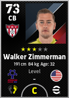 . Walker Zimmerman is a Center Back footballer from United States who plays for Toronto Rw in eFootball 2026.
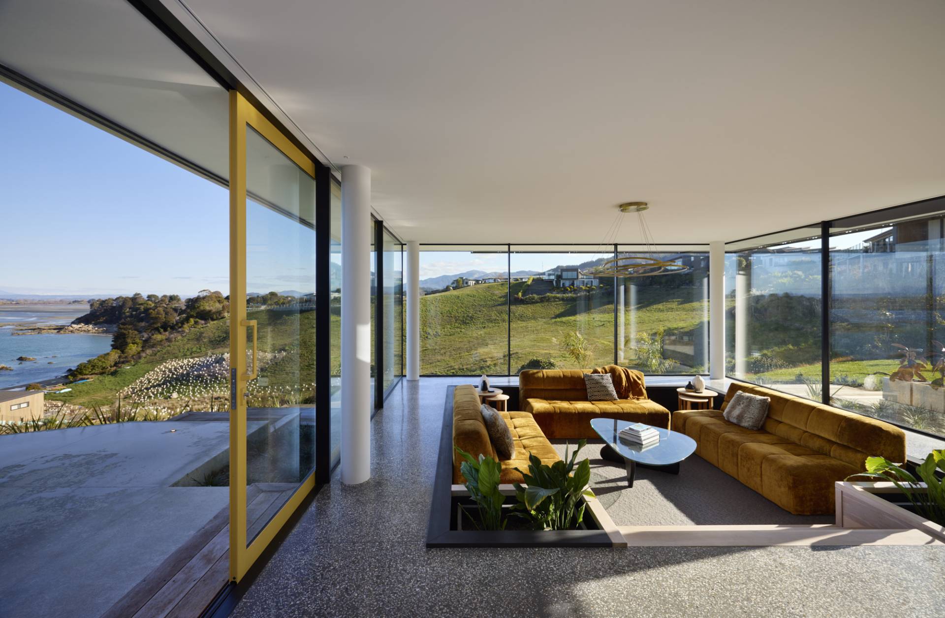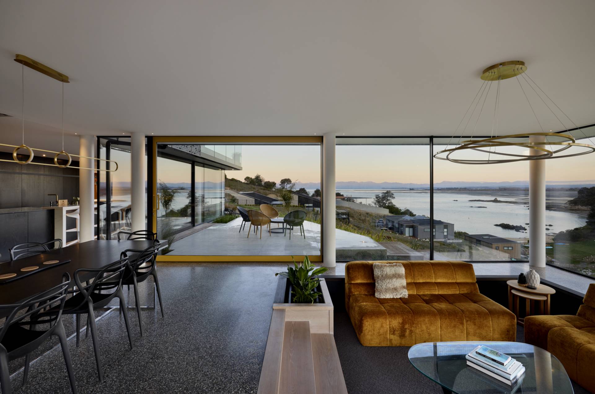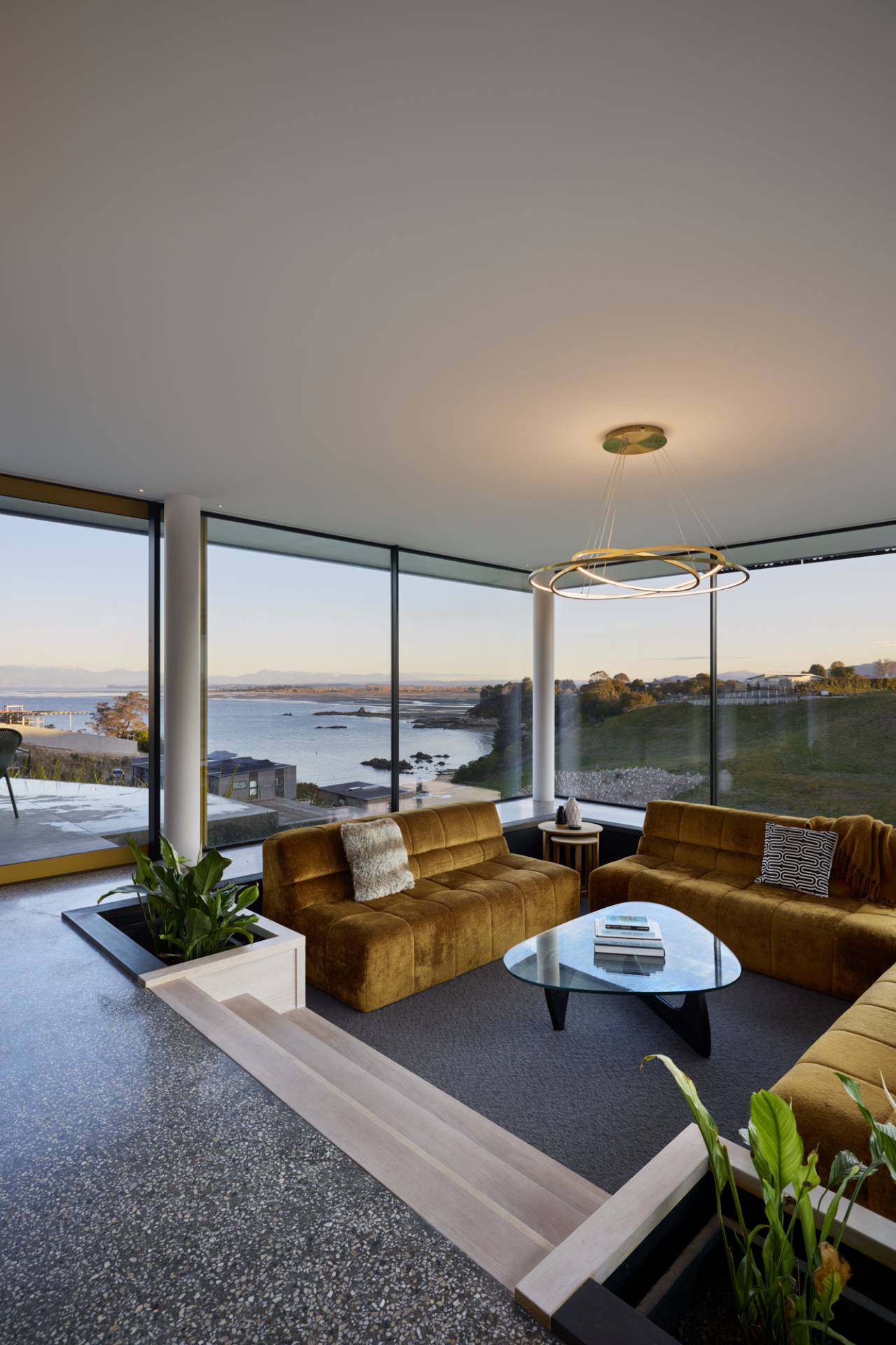 The result? A house where the boundary between indoors and outdoors seems to disappear. The sunken lounge has those gorgeous views uninterrupted by floor-to-ceiling windows, and the large sliders opening from the dining and living areas means Paul and his family can fully connect with the landscape, no matter what the weather’s doing.
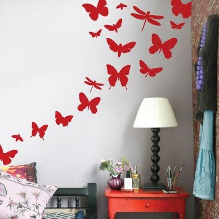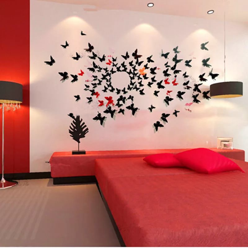 Популярным вариантом, как украсить стену в комнате являются аппликации в виде бабочек либо цветочков, с помощью которых можно создать определенные рисунки на стене. Такой способ украсить пустую стену в комнате создает 3D эффект настоящих бабочек.
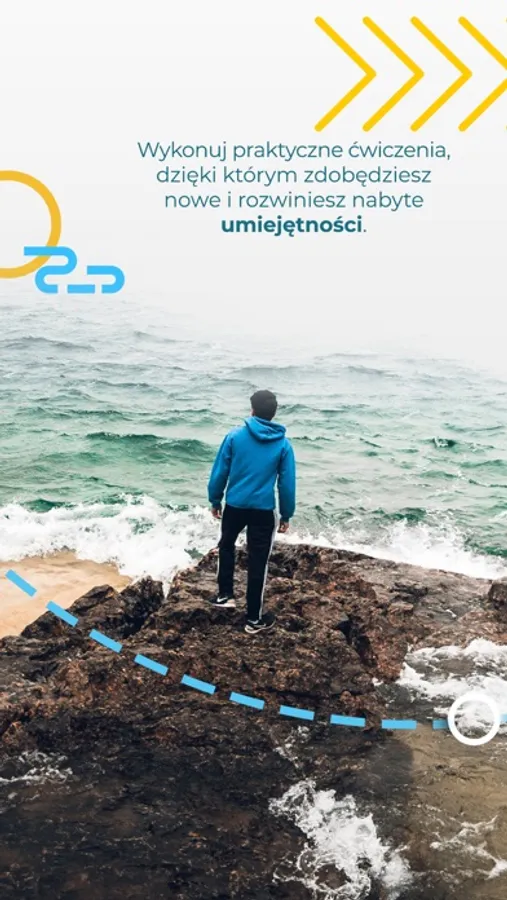 Start the expedition into yourself. To start, check your readiness for the journey and fill in the questionnaire. Think carefully about your answers - haste is not advisable ;) The questionnaire will give you an indication of your level of skills, such as relationships with others, self-confidence and self-reliance, among others. This will be the first important step you will take in your expedition. Next, you will be conquering camps. By doing a variety of exercises in different camps, you will see how to skilfully set goals, build maps of the way to conquer them, overcome obstacles without losing motivation. All this will help you get to know yourself better. During the expedition, you will meet Jasiek and Jessica who have achieved what they initially thought was impossible. The exercises will show you your strengths and talents. As you develop your skills, you will be able to go on additional expeditions. Face your difficulties and limitations and you will climb to the very top of your abilities!
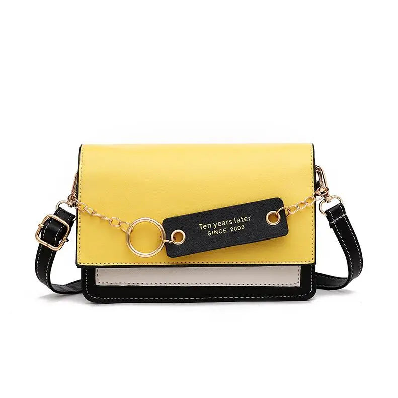 Stay stylish with this chic crossbody shoulder bag made of PU leather. It features panelled flap design with a ring chain and contrast details, perfect for any occasion.
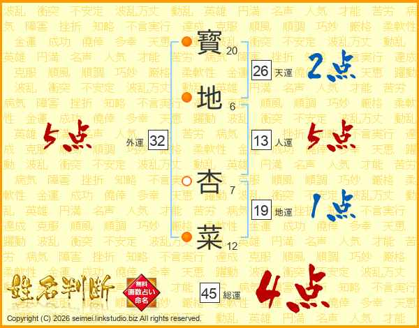 寳地杏菜さんの総運は45画の4点!
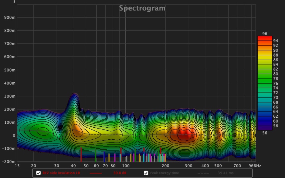The RT is now very short, with is natural with all this insulation, what is not natural and needs investigation is the strange behaviour of the low frequency decay with its ups and downs in every measurement. Anyway generally things improve and as we can see from the before-after rfz panels comparison the listening position is almost free of first strong reflections.
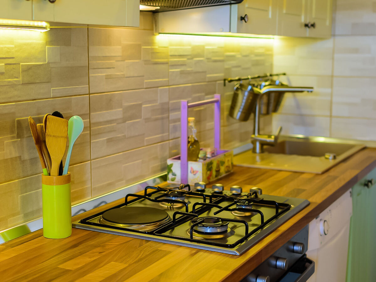 Cuisine ouverte (4 plaques de cuisson, four, lave-vaisselle, micro-ondes, congélateur).
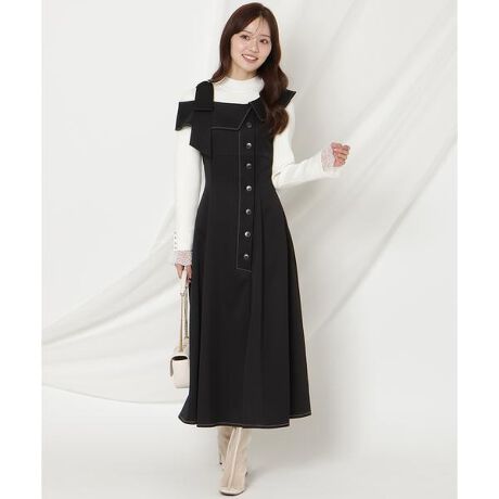 アシメデザイン×肩リボンが視線を惹く、大人フェミニンなジャンスカワンピース【Design】・ワンショル風のアシンメトリーなショルダーラインが、上品な抜け感を演出します。・リボンをあしらったワンショル風デザインで、甘すぎずトレンド感のある仕上がりに。・バックスタイルはレースアップ仕様で、後ろ姿まで抜かりないデザイン◎・インナーにタートルやブラウスを合わせるだけで季節感のあるレイヤードスタイルが完成します♪・通勤からデート、お出かけシーンまで幅広く活躍する万能アイテムです。・左ファスナー仕様。【Fabric】・なめらかな風合いの素材を使用。・ベージュ、ピンク、インディゴ、ブラックの4色展開となります。【Care】ドライクリーニング
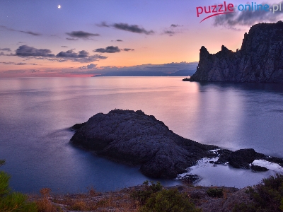 Puzzle Chmury, Morze, Skały, Księżyc
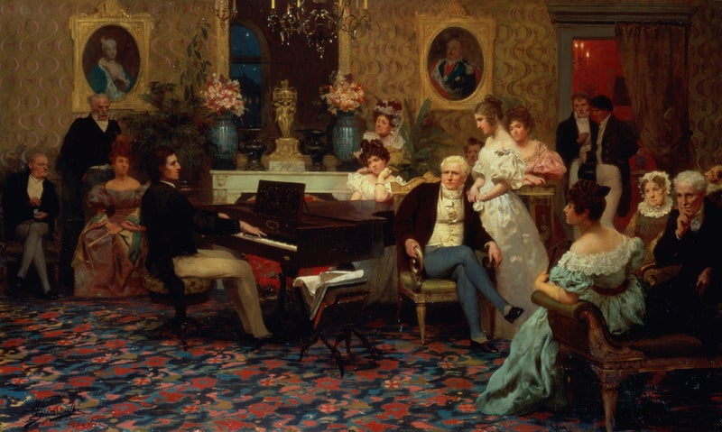 「ラジーヴィウ公爵邸のサロンで演奏するショパン」(H.シェミラズキ油絵1887年)
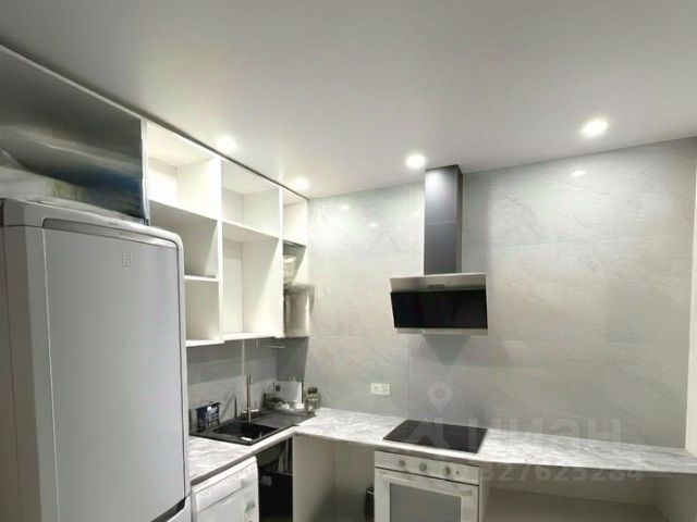 Кухня в потолок (без фасада), встроенный духовой шкаф, варочная панель Hair, вытяжка, посудомоечная машина Bosh, фильтр для воды.

* WHAT THE EXERCISE ASKS: Each of the lines above should be transcribed exactly; no image is to be copied.

* RESULT OF THE TASK:
 . Walker Zimmerman is a Center Back footballer from United States who plays for Toronto Rw in eFootball 2026.
 The result? A house where the boundary between indoors and outdoors seems to disappear. The sunken lounge has those gorgeous views uninterrupted by floor-to-ceiling windows, and the large sliders opening from the dining and living areas means Paul and his family can fully connect with the landscape, no matter what the weather’s doing.
 Популярным вариантом, как украсить стену в комнате являются аппликации в виде бабочек либо цветочков, с помощью которых можно создать определенные рисунки на стене. Такой способ украсить пустую стену в комнате создает 3D эффект настоящих бабочек.
 Start the expedition into yourself. To start, check your readiness for the journey and fill in the questionnaire. Think carefully about your answers - haste is not advisable ;) The questionnaire will give you an indication of your level of skills, such as relationships with others, self-confidence and self-reliance, among others. This will be the first important step you will take in your expedition. Next, you will be conquering camps. By doing a variety of exercises in different camps, you will see how to skilfully set goals, build maps of the way to conquer them, overcome obstacles without losing motivation. All this will help you get to know yourself better. During the expedition, you will meet Jasiek and Jessica who have achieved what they initially thought was impossible. The exercises will show you your strengths and talents. As you develop your skills, you will be able to go on additional expeditions. Face your difficulties and limitations and you will climb to the very top of your abilities!
 Stay stylish with this chic crossbody shoulder bag made of PU leather. It features panelled flap design with a ring chain and contrast details, perfect for any occasion.
 寳地杏菜さんの総運は45画の4点!
The RT is now very short, with is natural with all this insulation, what is not natural and needs investigation is the strange behaviour of the low frequency decay with its ups and downs in every measurement. Anyway generally things improve and as we can see from the before-after rfz panels comparison the listening position is almost free of first strong reflections.
 Cuisine ouverte (4 plaques de cuisson, four, lave-vaisselle, micro-ondes, congélateur).
 アシメデザイン×肩リボンが視線を惹く、大人フェミニンなジャンスカワンピース【Design】・ワンショル風のアシンメトリーなショルダーラインが、上品な抜け感を演出します。・リボンをあしらったワンショル風デザインで、甘すぎずトレンド感のある仕上がりに。・バックスタイルはレースアップ仕様で、後ろ姿まで抜かりないデザイン◎・インナーにタートルやブラウスを合わせるだけで季節感のあるレイヤードスタイルが完成します♪・通勤からデート、お出かけシーンまで幅広く活躍する万能アイテムです。・左ファスナー仕様。【Fabric】・なめらかな風合いの素材を使用。・ベージュ、ピンク、インディゴ、ブラックの4色展開となります。【Care】ドライクリーニング
 Puzzle Chmury, Morze, Skały, Księżyc
 「ラジーヴィウ公爵邸のサロンで演奏するショパン」(H.シェミラズキ油絵1887年)
 Кухня в потолок (без фасада), встроенный духовой шкаф, варочная панель Hair, вытяжка, посудомоечная машина Bosh, фильтр для воды.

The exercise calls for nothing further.